Chromites from ophiolites and layered intrusions show a wide variety in Cr#, Mg# and Cr/Fe ratios. These ratios provide information on the genesis of the chromite deposits e.g. the place of formation.
By means of µ-EDXRF this information can be obtained in a very quick way from cut hand specimen.
Unfortunately, chromites show a number of very intensive diffraction signals due to the polychromatic beam of the µ-EDXRF system, which even after calculating the minimum of two detectors has still some influence on the chemistry of a single chromite grain.
To reduce this problem, chromite aggregates were segmented and for each individual grain, the shapes were used to calculate the mean spectra for both of the detectors (D1/D2), the minimum (min) of both, the mean, the detector minus minimum of both (D1/2-min) to localize the position of the diffraction signals in the spectrum.

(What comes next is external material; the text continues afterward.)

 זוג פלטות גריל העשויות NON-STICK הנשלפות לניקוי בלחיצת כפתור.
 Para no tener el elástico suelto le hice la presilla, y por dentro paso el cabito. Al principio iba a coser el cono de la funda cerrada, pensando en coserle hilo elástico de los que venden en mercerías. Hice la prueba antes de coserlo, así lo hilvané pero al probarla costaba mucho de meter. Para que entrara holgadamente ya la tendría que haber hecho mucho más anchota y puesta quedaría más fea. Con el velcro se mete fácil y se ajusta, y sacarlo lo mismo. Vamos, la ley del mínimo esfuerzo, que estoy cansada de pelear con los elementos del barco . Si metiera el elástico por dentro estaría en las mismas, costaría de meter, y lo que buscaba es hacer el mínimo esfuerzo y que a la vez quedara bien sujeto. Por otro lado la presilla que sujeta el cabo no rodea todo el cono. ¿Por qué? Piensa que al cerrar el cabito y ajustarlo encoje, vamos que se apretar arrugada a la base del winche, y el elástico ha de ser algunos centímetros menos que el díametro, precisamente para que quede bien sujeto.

All individual grain D1 and D2 spectra are plotted against each other to detect those grains showing a minimum of diffraction, to reduce the diffraction impact on the chemical signal.
Assuming that the chemical pattern of chromite grains within a texturally homogeneous sample should not be to extreme regarding Cr# and Mg# those grains of minimum D1/D2 deviation were selected to represent the chromite chemistry. Validation is done by microprobe analysis.
In a second step these “pure” pattern of selected samples referring to individual tectonic levels of an ophiolite are used as endmembers for hyperspectral classification of chromite of various samples into individual groups/tectonic levels.